# I need some help with Enclosure design



## OGJordan (Sep 26, 2006)

OK, I bought a tow vehicle and I'm putting a nice budget system in. It's an 04 Cadillac Escalade ESV (the Suburban sized one). I've already installed a Pioneer AVX-8500 headunit and Polk MM6501 in the front. I'm using PPI Black Ice amplifiers, the sub amp is the 1800x1 @ 1ohm model. I already had 3 JBL GTO 12s waiting for a project car I'm building, but that won't be done for a couple years. So I picked up a 4th since the Escalade will obviously fit them easy. 

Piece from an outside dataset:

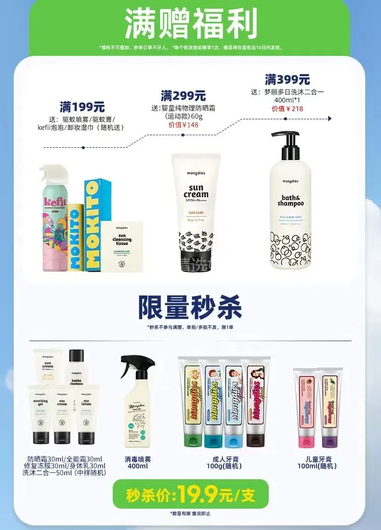 🎁 实付🈵️199送驱蚊喷雾/驱蚊膏/kefii泡泡/卸妆湿巾(随机送)
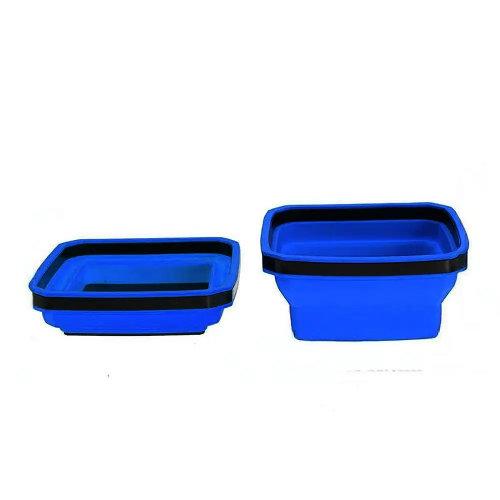 Square silicone foldable magnetic parts tray — strong magnet version; hardware tool parts box; silicone tool tray

I listen to hip hop, but HATE the one note rattle traps most hip hop heads like. I currently have an Xcon 15" on 1500W of Arc Audio power in 4.0 cu ft ported in my daily,sealed into the cabin through the ski hole and I like it quite well. 


I want to keep plenty of storage room behind the enclosure, so the enclosure will be up against the 3rd row seat. I had planned to just do the 12s sealed to save room. But now I'm kicking around a ported enclosure. 

I'm going to do a basic 6 sided rectangular box. Subs up, ports back. Maximum width I want to go is 46". That leaves room to remove enclosure when necessary without any issues. So interior dimension will be 44.5". I'd like to keep the "length" of the box around 16" so I can save as much cargo space as possible. To fit 4 12"s wide into 44.5" they need to be staggered a bit, and I think 16" leaves room to do so. Height is the real variable.

All subs facing up, port back at the bottom would be ideal. Can someone guide me to the best online calculator or even help me with a quick design? I'd to tune around 30 hz. Recommendation on the literature is 1.75cu ft tuned to 34hz. for one sub, but we know how that goes.


Here's a pic of what I envision the finished product will be, but it's in a normal Escalade. I have much more room, and the subs will be on top, with a grille to cover them.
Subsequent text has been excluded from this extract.